Leaders Make the Company Culture

The CEO wields the greatest leverage to create, sustain and change the culture

By Kerry J. Sulkowicz
Featured on Wall Street Journal Online
02.11.2015

Regulators are right to focus on culture as a key culprit in the misbehavior of banks (“As Regulators Focus on Culture, Wall Street Struggles to Define It,” page one, Feb. 2), and efforts to survey and quantify corporate culture are important. But the reason culture is hard to define isn’t simply that it is a nebulous concept that is hard to capture objectively. The culture of an organization is analogous to the personality of an individual, in that it is defined by a set of normative, recognizable behaviors and traits that are durable and that characterize both what it is like to “live” inside that organization as an employee, as well as what it is like to interact with it from the outside, as customers, vendors, partners and shareholders.
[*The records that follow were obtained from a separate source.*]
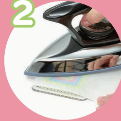
アイロンをかけて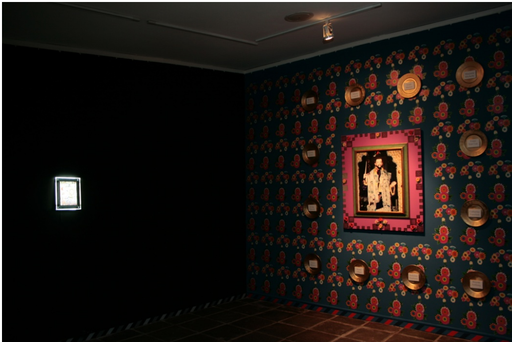
Exposición Posdata: identidades. com(partidas) . Centro Cultural de España. San Salvador, El Salvador. 2008.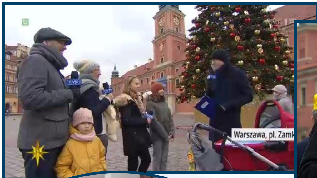
Warszawa, pl. Zamk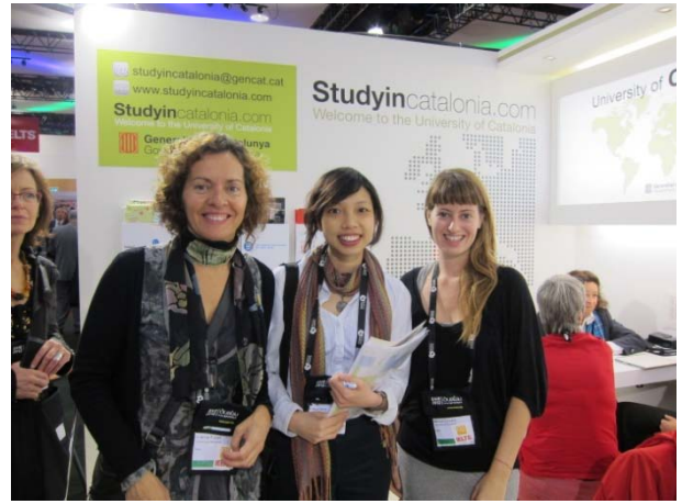
西班牙巴塞隆納大學代表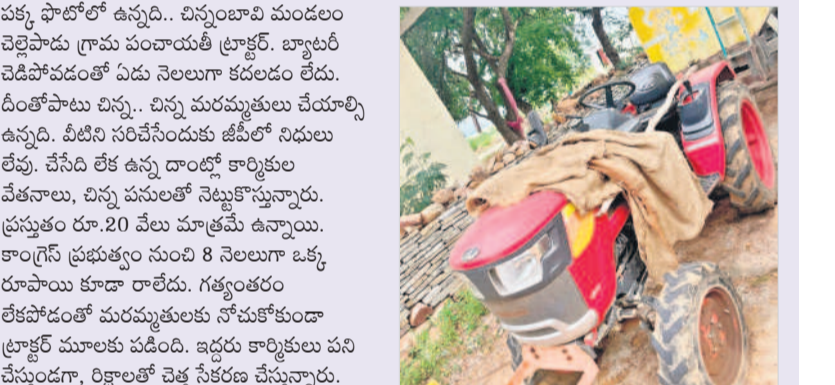
పక్కా ఫోటోలో ఉన్నది.. చిన్నంబాలి మండలం చెల్లెలపాడు గ్రామ పంచాయతీ ట్రాక్టర్. బాబులారీ చెడిపోవడంతో ఏడు నెలలుగా కడలేదంటే..

కేంద్రం నుంచి రూ.3.62 కోట్లు విడుదల గ్రామ పంచాయతీల్లో ఆర్థిక సమస్యలు పెరిగిపోతున్న క్రమంలో ప్రభుత్వం ఎట్టాటి అరకొర నిధుల విడుదలకు శ్రీకారం చుట్టింది. కేంద్రం జీపీలకు ఇచ్చిన రూ.220 కోట్లను రాష్ట్ర పంచాయతీరాజ్ ఇటీవల జీపీలకు విడుదల చేసింది. వీటిలో వనపర్తి జిల్లాకు రూ.3.62 కోట్లు వచ్చే అవకాశం ఉంది. ఈ మేరకు వచ్చిన నిధులు ఏ మూలకు కూడా సరిపోవు. రాష్ట్ర ప్రభుత్వం మాత్రం ఒక్కసారిగా ఇప్పుడుకూడా కేవలం కేంద్ర నిధులను మాత్రం కొంత మేర విడుదల చేసి పేటలు దులుపుకోంది. దీంతో తాజా మాజీ సర్దుబాటులంతా ఆవేదన వ్యక్తమవుతోంది.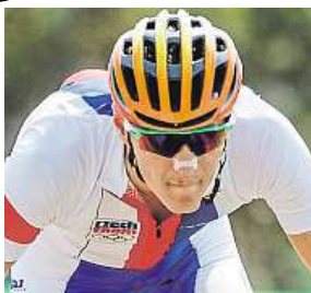
Jaroslav Kulhavý

Biker Jaroslav Kulhavý dojel při obhajobě olympijského zlata druhý za Švýcarem Nitem Schurterem, který mu oplatil čtyři roky starou porážku z Londýna. Pro českou výpravu v Riu vybojoval Kulhavý v poslední soutěžní den jubilejní desátou medaili.

Where the analogy to personality doesn’t hold is that organizations are greater than the sum of their parts. Unlike an individual’s personality, which is largely formed by young adulthood and resides solely in the mind of the person, the culture of a company emanates primarily from the personality of the founder or chief executive, but over time becomes embedded in other key individuals, and in practices and policies of the business. Nevertheless, the CEO wields the greatest leverage to create, sustain and change the culture. This can be a force for good or bad, as employees inevitably model the behavior they see at the top. The more regulators understand this, the less they will struggle to define culture and the more they will know where to look to address it when a company goes astray.